Ladies bathing in the 1960’s.

My experience was great.  You have to be okay being naked in front of people, but there was far more modesty than when we took a Turkish Bath in Turkey.  After stripping down, the attendant wraps a sheet around you like a toga.  Then they take you for a 20-minute bath with raging bubbles.  A motor and what looks like a giant meat thermometer stick out of the tub.  One is there for the bubbles.  One is there, I assume, to ensure the water doesn’t get too hot.  They give you hot water to drink straight from the springs.  Sweat is the goal.  If you’re on the shorter side like me, they stick a wooden board at your feet so you don’t slide too far down the tub.

After the tub comes the vapor chamber.  This is a box that is basically a steam room.  You sit down and they close the stainless steel door in front and close the two sides of the top around your neck so your head is sticking out.  I know everyone else is doing it, but I couldn’t help but wonder how funny I looked as this disembodied head sticking out of a box.  Everything is very clinical and industrial looking.  Stainless steel and small white tiles abound.  Just as you’re about to pass out from the heat of the steam, they move you to the sitz bath.

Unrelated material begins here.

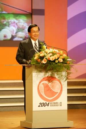 陳總統水扁先生今天下午參加由行政院衛生署所舉辦的 「二00四資深醫事人員感恩表揚大會」,代表政府與全體國人同胞向所有一生為醫療奉獻心力,獲得表揚的資深醫事人員們,表達最誠摯的謝忱與感佩之意,並希望透過表揚大會,將大愛精神傳播出去,使其傳承延續在台灣社會的每個角落裡。
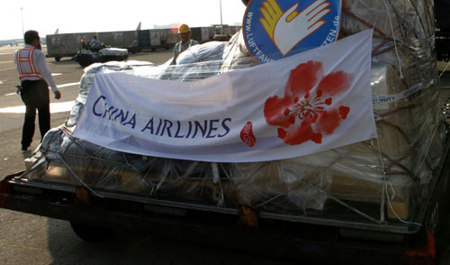 德国民间救援组织“航空无国界协会”捐赠1吨的毛毯、睡袋及帐蓬等人道救援物资,也于今天清晨6时40分运抵桃园机场。另外,加拿大政府将捐赠5万加币,并捐助20万枚氯锭,供灾区重建。

What the sitz bath looked like (found in a local store).

This, I was informed was for hemorrhoids or low back pain, but I can’t imaging getting into this thing if I had back pain.  It’s basically like an old farmers sink on the floor.  You sit with your butt in the sink an your legs dangling out over the edge—an awkward, public butt bath that someone else was just in.  Then they lay you on a padded stainless steel table and cover you in hot towels.  At almost every station just as I was about to fall asleep they’d come to move me to the next place.

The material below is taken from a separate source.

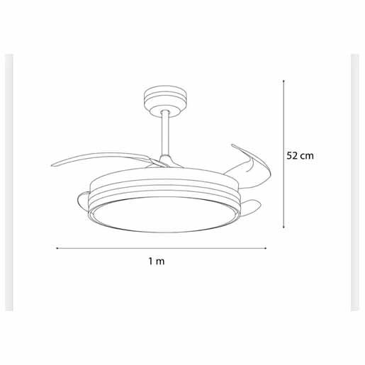 Este ventilador es moderno, elegante y funcional, ofreciendo un ambiente fresco sin ruidos molestos y con un bajo consumo energético. Su control remoto permite ajustar la velocidad y la luz fácilmente, sin moverte de tu lugar.

After the towels came the shower.  Though I kind of felt like a cow being led around, this station, while scary looking, was wonderful.  Today, nice showers often have multiple heads in order to hit the body all over.  It’s never right though.  It’s never where I’d position the water flow.  This historic relic was superb.  It was metal pipes, inches apart, that ran from the neck to the knees.  Each tube was pocked with holes.  My body was completely saturated in water.  Wonderful.

Then a massage and, unlike Matt, my therapist was fantastic.  She knew her stuff.  We talked about fascia and how movement reduces pain.  I was pretty much in all my glory.   I could have slept the entire day.  I came out as exhausted as after you’ve spent too much time in the sun, but it felt superb.  Water therapy has been used as a tool for centuries.  I think I now know why.

Luckily for Matt, we have the greatest massage therapist in our home town, so he made an appointment with Kim at Woodside Massage for our first day home.  To say she is better than Buford is an understatement.  She’s incredible.  But at least he has a story to tell.